And those who _think_ none of this will be admitted if there is a charge of rape are just kidding themselves, just like at the colleges or universities, it will help in convicting rapists. 

That's a good thing.

This thread was about consent. I posted what will be considered in a case of standards of consent and will be used to prove rape. Do you all disagree? 


Essentially, no one has answered how to get consent and avoid a situation where it's her word against his. That's getting consent that is most assuredly positive. I don't mean she's moaning and grabbing at you. I don't mean she's having an orgasm. How can you prove that to someone who wasn't there, like in a court of law. It will come up. Who has the answer? That is what is important for both participants. 

All of the fine treatment of a woman before you ever get to the point of asking for sex is the romance. It's important to teach how to treat a woman. I don't disagree with any of that. None of that is consent. It actually could be viewed as manipulation and maybe even abuse of someone who is not in full control of their emotions due to a divorce or some other traumatic accident like a death of a dear loved one. Is it stretching the point? Maybe, but it is very important if you don't want to go to prison to get consent in a proper manner, so that you can prove you have not raped anyone. How do you do that? Consent at each step along the way. Each step, that's able to be brought to court, if and when it comes up in proceedings, cause that's all you'll have to defend yourself.

And, any sicko that things rape is okay, is screwed up and needs more than consent. There will be physical evidence of rape besides dna. 

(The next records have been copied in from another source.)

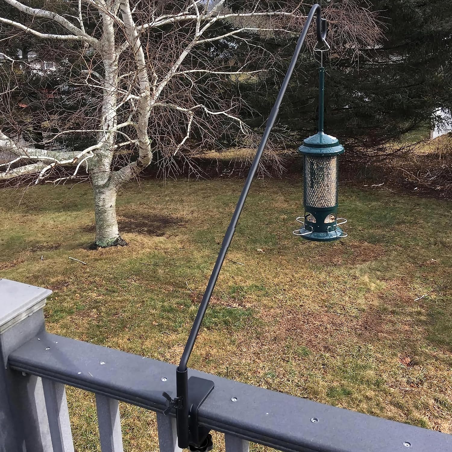 - Smart & Efficient Design - This angled hook can be repositioned and adjusted 360 degree without fuss and keeps your feeder in plain sight for perfect viewing from anywhere on your porch. And watch bird activity from the comfort of your deck. 36 inch long pole makes it difficult for squirrels or any other animals to reach the bird seeds.
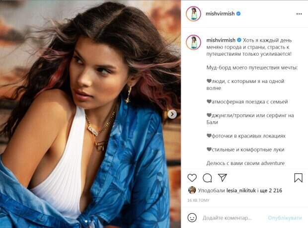 «Хоть я каждый день меняю города и страны, страсть к путешествиям только усиливается! Муд-борд моего путешествия мечты: люди, с которыми я на одной волне, атмосферная поездка с семьей, джунгли/тропики или серфинг на Бали, фоточки в красивых локациях, стильные и комфортные луки», - написала она. После снимков Андраде не устояла даже ее коллега. Александры Зарицкая из группы KAZKA. «Это отвал всего», - написала она. Что уж говорить поклонниках артистки. «Очень красиво
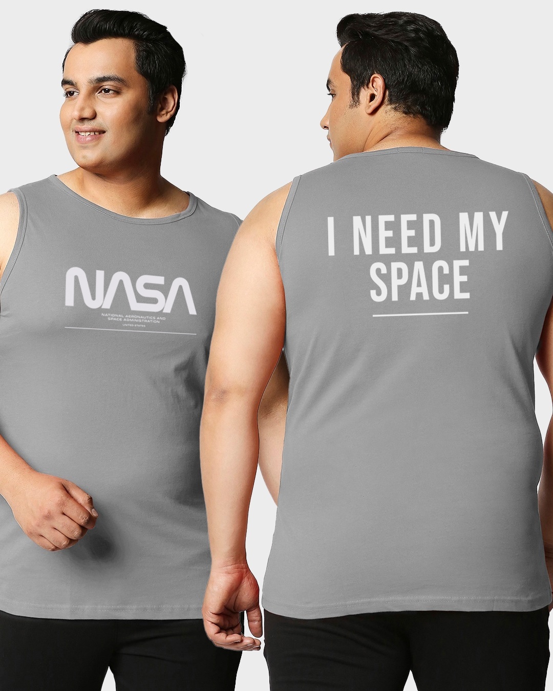 Men's Grey Spaced NASA Graphic Printed Plus Size Vest
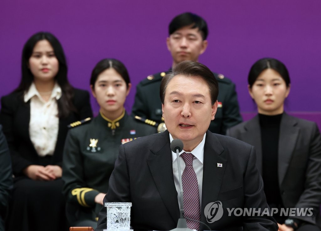 Yoon made the remark at a meeting held to check progress on his administration's foreign policy and national security goals, with 128 people in attendance, including 97 members of the public and the ministers for foreign affairs, unification, defense and veterans affairs.

NS, please understand, I am not picking on you. I would like to understand the best way to get provable consent. I think it's dangerous to think that a yes is a yes, just as is stated in that site's findings. If a group that powerful makes a statement like this, all men must take notice and be ready, for the safety of their partner and themselves. Please offer advice as to how consent can be garnered that will also protect both actors in the sexual experience.


----------



## Racer

2ntnuf said:


> ... Okay, what I don't see in your post is an understanding that consent must be ongoing throughout the sexual act, from asking to kiss, to asking to touch, to asking if okay to perform cunnilingus, to asking...whatever. Each step of the way is as important as the last. ....


Clipped, but agreed.

It's why consent is not 'easy to understand' some of the time. It's hard to know when you have to ask that question when their reactions and their own actions are no longer valid to make assumptions of consent.


----------



## richardsharpe

Good evening all
I don't think most rape cases involve subtle mistakes in recognizing consent.

If a couple is passionately french-kissing and the man puts his hand inside the woman's shirt without asking, I don't think anyone is calling that rape - assuming he removes it if she tells him to stop.

OTOH if they are french kissing an he tears her cloths off and forces her to have sex despite her clear objections, then that is rape.

This doesn't need to be an exact science. I think the important test is whether a reasonable person would consider the next action to be a reasonable step from an activity that is already consenting.


----------



## MEM2020

2ntnuf,

Affirmative consent cannot be applied by wives or WS or the like. 

I like you. You make good points in general. 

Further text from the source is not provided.